Virginia Coventry

 

Soundings

Sydney-based artist Virginia Coventry has been showing her work (photographs and paintings) for more than thirty years in Australia, principally at Watters Gallery in East Sydney. The paintings shown here are vinyl and acrylic on linen — the dimensions of soundings # 3 and  #12 are 100x95cm and soundings #11 is 95x100cm. They were exhibited in September 2002 as part of a show at Helen Maxwell Gallery, Canberra, Australian Capital Territory. The following text is from the artist’s catalogue note.

Soundings #3

Soundings #3

Soundings #11

Soundings #11

Soundings #12

Soundings #12

 

In February at the National Library, looking at Matthew Flinders’ General Chart of Terra Australis …  A filigree of markings diagonally adjacent to the landshape represents hundreds of tacks between soundings. I think of the diagonal ‘weave’ of colour-shapes in the three paintings I’m working on and like the word soundings as it comes to mind … There are resonances with colour depths in painting — we think of colour’s refracted and reflected light as containing distances. Colour arrives in relationship, and through its material density, as the tones, keys, and pitches we also assign to sound.

Painting interests me as a performative field where the traces of actions/decisions accumulate. Within this dynamic, the process of working with the depth-flatness paradox is one of confrontation as often as revelation.
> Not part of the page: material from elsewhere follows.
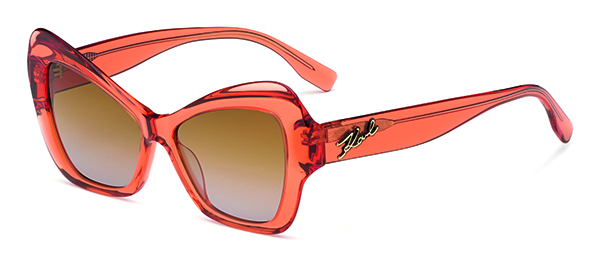 KL6076S–Disponibile in Black, Tortoise e Transparent Orange. Choupette, l’amatissima gatta di Karl Lagerfeld, è l’affascinante ispirazione della silhouette iper-femminile ed esageratamente cat-eye di questo modello da sole. Lenti tinta unita accompagnano una montatura in acetato audace e ultra-sottile per un look leggero e ad alto tasso di comfort. L’inconfondibile logo Karl sulle aste, firma stilosa e intima, è una dedica all’impareggiabile amica a quattro zampe del designer.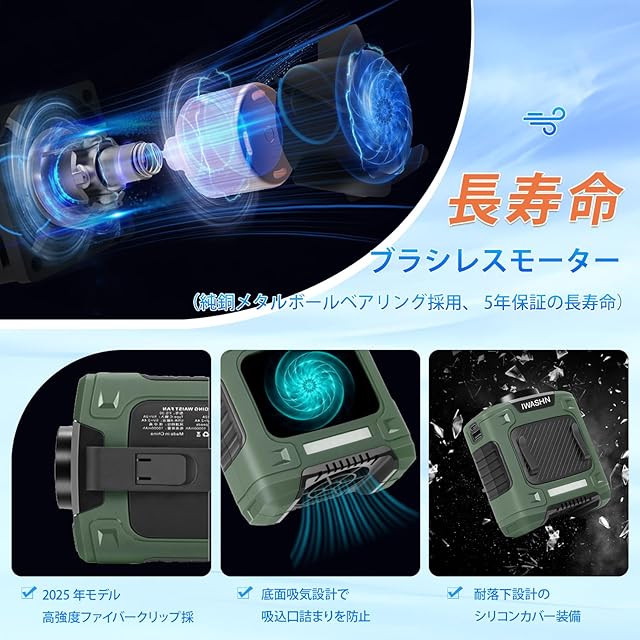 【高速で長寿命のブラシレスモーター & 下部吸気設計】通常のコンパクトなベルトファンと比べて、長寿命の高速ブラシレスモーターを採用しており、風力が強く、寿命が5年以上もあります。底部の進風設計により、衣服による吸気口の遮蔽を防止します【非常に重要】。SOSランプや懐中電灯も備えており、屋外作業者に最適です。

Forming and shaping what is at first not seen … working with sensations of balance and off-balance, with shifts of focus … looking from and with the body … sensing and marking in movement … successive over-paintings suggesting fluctuations — contingency and potential rather than something closed or ‘essential’.

Nine paintings later, in August, I look at a reproduction of Flinders’ map (no aura this time), and read his notations:

The dotted parts of the tracks were run in the night, or in very thick weather …. Place of observed latitude by the moon … Direction of the tide … Direction of the current … Light airs … Light breeze … Fresh breeze … Strong breeze … Fresh gale … Hardy or heavy gale … Where the outer edges of shoals are represented by broken lines, their extent is uncertain …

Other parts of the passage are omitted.